CEVAP: a) İslâm düzeninde ekseriyet sistemi yoktur. Onlara göre parti ekseriyetle iktidara gelecek, anayasayı değiştirecek ve ülke düzelecek! Böyle bir şey yoktur. Bize göre anayasa millî mutabakatla oluşur.
Biz Akevler’i, siz Osmanlıları, öbürleri kapitalizmi, diğerleri sosyalizmi, üçüncüler faşizmi getirir. Tartışırız. Müsbet ilmi hakem yaparız. Nerede uzlaşırsak onu anayasa yaparız. Anlaşamadığımız yerlerde hakemlere gideriz. Hakemlerin kararlarına uyarız. Hakemlerin kararlarına karşı da dava açma hakkımız her zaman mahfuz olacaktır. Biz hâkim değil tarafız.
Eğer biz (Adil Düzen) getiremezsek başkaları getirip (zalim düzen) dayatırlar.
b) Türkiye için hazırlanan bu model, diğer Türk cumhuriyetleri için hiç kabil-i tatbik olmayabilir.
CEVAP: b) İslâmiyet’te içtihat vardır, icma vardır. İcmalar birliği sağlar, içtihatlar ise hürriyet ve bağımsızlığı sağlar. İcmalar içtihatlara dayanır. Yani herkes ayrı ayrı içtihat yapar. Vardıkları aynı sonuç icmadır.
Biz diğer devletlere bizim Adil Düzen’i kabul edin demedik. Kendiniz içtihat yapın ve kendi icmalarınızı oluşturun dedik. Biz yalnız İslâm âlemine hitap etmedik. Gerek Avrupa’da gerek Asya’da ilim adamları ile tartıştık. Dikkat edilsin, “ilim adamları ile tartıştık” diyoruz. Siyasi adamlarla işbirliğine girişmedik.

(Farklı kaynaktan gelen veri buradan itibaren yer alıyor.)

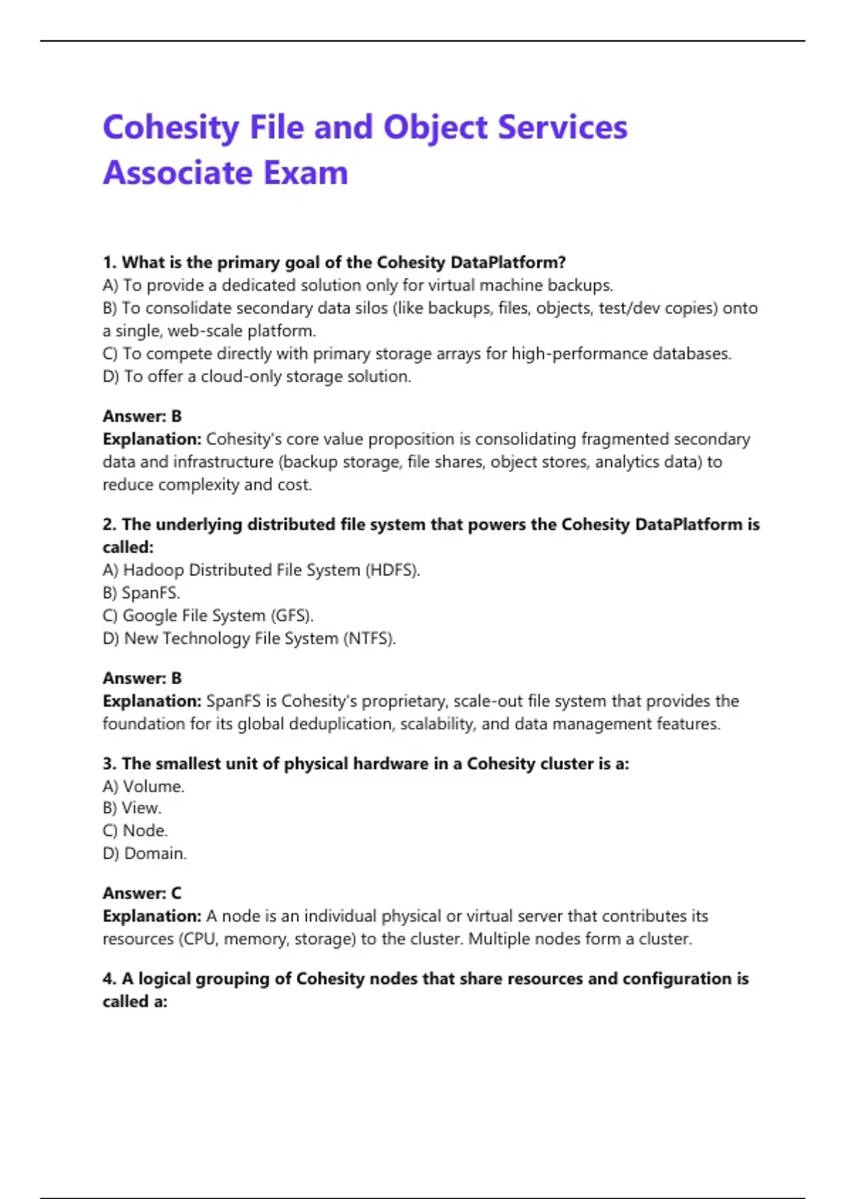 Explanation: SpanFS is Cohesity's proprietary, scale-out file system that provides the
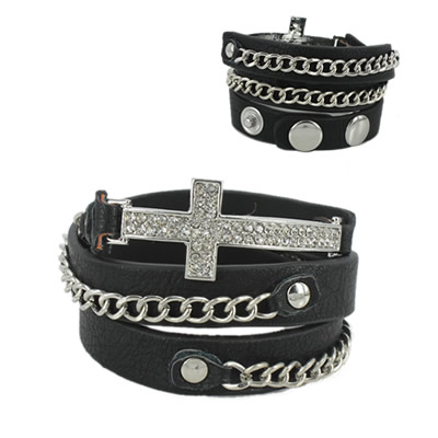 38-13032801 LEATHER CROSS BRACELET BLACK
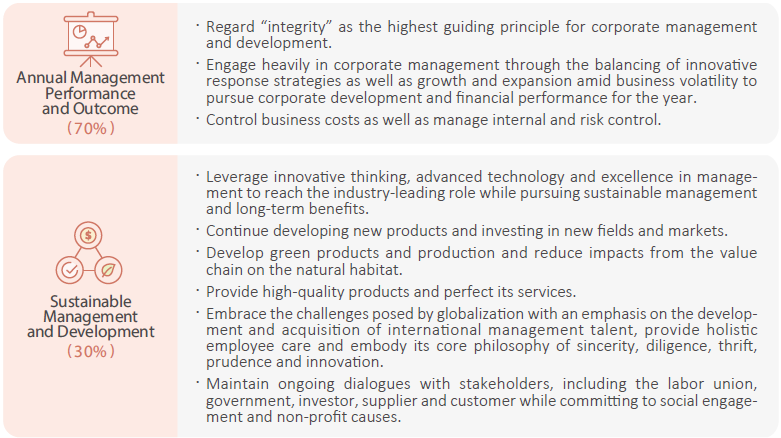 To ensure the effectiveness of its sustainable strategies, FENC conducts monthly team-based performance appraisal regarding material ESG topics. Based on the result, production bonuses as much as 20% of the monthly salary are awarded. The management level may earn performance bonuses for advancing the management systems, while for the rank-and-file employees, the bonuses are performance-based. The incentives are designed to encourage ESG practices among all units, including occupational safety, energy and carbon reduction, environmental protection, recycling and production optimization, which advance FENC’s sustainable commitment.
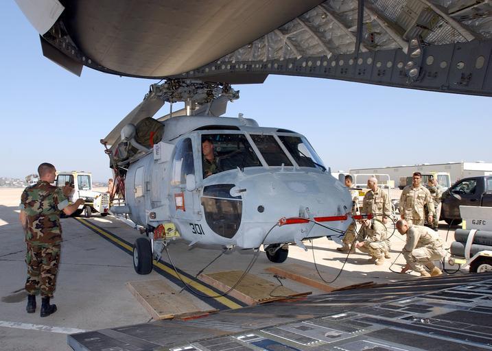Keywords: US Navy 030321-N-0226M-001 An HH-60H Seahawk helicophter from Helicopter Combat Support Squadron Five (HC-5) is loaded into a U.S. Air Force C-17 Globemaster III aircraft.jpg en San Diego Calif Mar 21 2003 -- An HH-60H Seahawk helicopter from Helicopter Combat Support Squadron Five HC-5 is loaded into a U S Air Force C-17 Globemaster III aircraft The squadron's helicopters aircrew and ground support personnel are being transported to an undisclosed destination in the Northern Arabian Gulf U S Navy photo by Senior Chief Photographer's Mate Mahlon K Miller RELEASED 2003-03-21 030321-N-0226M-001 Navy http //www navy mil/view_image asp id 5476 U S Navy photo by Senior Chief Photographer's Mate Mahlon K Miller PD-USGov-Military-Navy Naval Air Station North Island in the 2000s HH-60H Rescue Hawk Transport of helicopters by Boeing C-17 Globemaster III |

Evet, Orta Asya Cumhuriyetlerine (ve özellikle Kırgızistan’a) gittik. Ama ilim adamlarına gittik. Siyaset adamlarına da ‘Avrasya Vakfı önerisi’ ile gittik. Biz rejim ihraç etmiyoruz, insanlığı içtihat ve icmalara davet ediyoruz.
c) Sonuç olarak bu modelin ihracından vazgeçilmelidir. Çünkü doğruluğu ve uygulanabilirliği müsellem değildir.
CEVAP: c) İnsanlar “sanayi dönemi”ne geçerken, “tarım dönemi hukuku”ndan vazgeçip “sanayi dönemi hukuku”nu getirmelidirler.
Bugün ister Batı hukuk sistemleri ister Doğu hukuk sistemleri olsun, hepsi tarım dönemi hukuk sistemleridir.
Biz herkese sadece anlatıyoruz. Onlara ihraç etmek ve dayatmak için değil, bizim çalışmalarınıza katkıları olsun, eksiğimizi tamamlayalım diye bunu yapıyoruz.
Biz silah zoru ile ihraç etmiyoruz. Davet yoluyla tebliğ yapıyoruz.
Biz bunu da Kur’an bize emrettiği için yapıyoruz.
Biz onlara öneriler götürdük, tartıştık.
Biz bu çalışmalarımızdan hep yararlandık. “Adil Düzen” işte böyle oluştu.